【小西啓一の今日もジャズ日和Vol.791~番組60周年~】
「テイスト・オブ・ジャズ」が今年の8月でなんと60周年を迎えることになった。前から番組は50余年の歴史...等と言っていたのだが、局のある人物がこの8月で60年だという編成資料を探し出してきて、それならば一つ特番でも...と言う話になり、7月21日海の日に、一足早い周年記念特番を放送することになった。山下洋輔や阿川泰子と言った錚々たるミュージシャンやシンガー、ジャズ雑誌編集長、そしてJ-ジャズ発展に大きな貢献を果たしてきた、「新宿ピットイン」の創始者にして会長の佐藤良武など、様々な面々のお祝いメッセージを集め、その方に関係するナンバーと共にお送りしようというもので1時間15分の長尺。
まあ普段は至極簡単にジャズ番組を制作しているのだが、特番となるとお祝いメッセージ一つでも収録するのが中々に大変。わずか3分弱の短いものだが、若い人は自身で簡単にメッセージを収録して送ってくれたりもするが、大御所と言うベテラン達はそうもいかない。東京の各地を都下から都心の街まで、チャンジー(爺さん)の身一つで右往左往しながら、お祝い収集の行脚旅。まあ暑い中疲れはしたが、それなりに意味もあった。

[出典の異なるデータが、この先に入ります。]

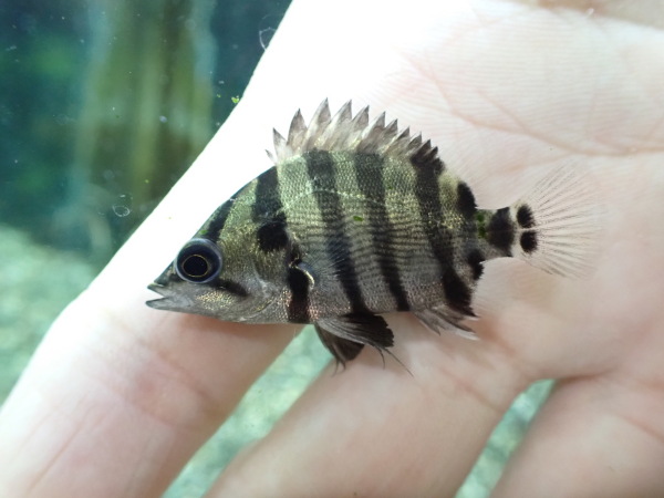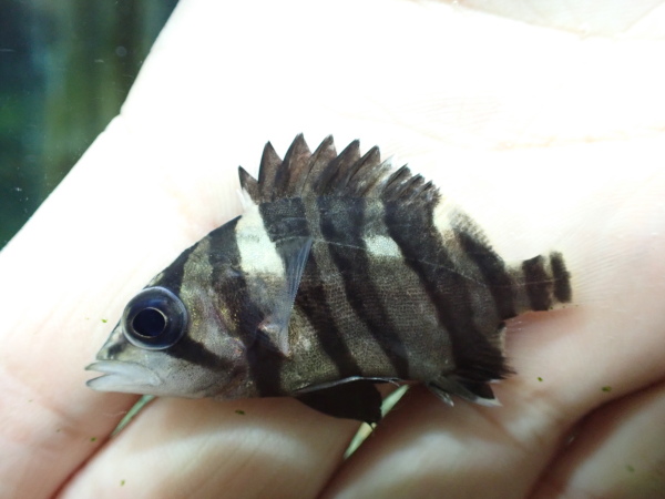 プラスワンと一緒にメニーバーも入荷です!メニーバーはダトニオの仲間の中でも特に人工飼料に餌付きやすく飼い易いです!発色もいいし顔も小顔で尖っててカッコいいから個人的には結構好きなんですよね。安いけど侮れない良い魚ですよ!左下の画像です。

「テイスト・オブ・ジャズ」60周年、特番の中ではぼく自身も登場、番組の沿革や苦労話なども短く披露しているが、まあ本当によく続いたものである。これには音楽番組番外地だった「ラジオたんぱ(ラジオNIKKEI)」の局の特殊性もかなり関係していると思うが、長く続けさせてもらった局の編成関係者には、謝・謝の想いも強い。番組はジャズ関係者には良く知られた存在、局の先輩で今は亡き木全信がレコード会社に移籍、「お前が後を継げ」と言われてから50余年。ぼく自身も番組制作以外にいろいろな部署に移ったのだが、後輩のアナウンサーなどに頼んだりして、余り休止期間をおかずに続けてきた...と言う経過があり、まさに日本のラジオ界いや世界の中でも、稀有な存在の番組だと言えるのではないだろうか...。ご承知のように、短波という電波は前述のようにある意味音楽には適さないことを意味しており、それだけに局でも音楽番組、ことにジャズという些か枠に入らない音楽などは目の敵にされた時もあった。「何をあいつは趣味の番組で遊んでいるんだ...」などと、デスクの先輩から嫌味をよく聞かされたものだったし、後輩の中にもそんなことを言いふらす嫌味な輩もいた。何より出演するミュージシャンなどに、「小西さんこの番組誰がどこで誰が聞いているの...」などと言われると、こちらも些か逡巡してしまうこともしばしば...と言った苦い想いも多い。しかしこの30年ほどで状況は一転、特にラジコの登場は番組にとっても局にとっても大きな転換点だった。
まあ様々な紆余曲折を経て、番組はスタートからなんと60年。今回の特番では多くの方達が「60」という数字の重みを語ってくれたが、ぼく自身もそれをしっかり受け止め大切にしていかないと...と、今改めて思う。何より元気な山本郁嬢に期待するところも大なのだが、番組とジャズはマスト・ゴー・オン...と言った心境で、やれる範囲で頑張りますので、ご贔屓のほど...。
【今週の番組ゲスト:フリー編集者の池上信次さん】
『ジャズな映画 名作100ガイド』をご紹介頂きました。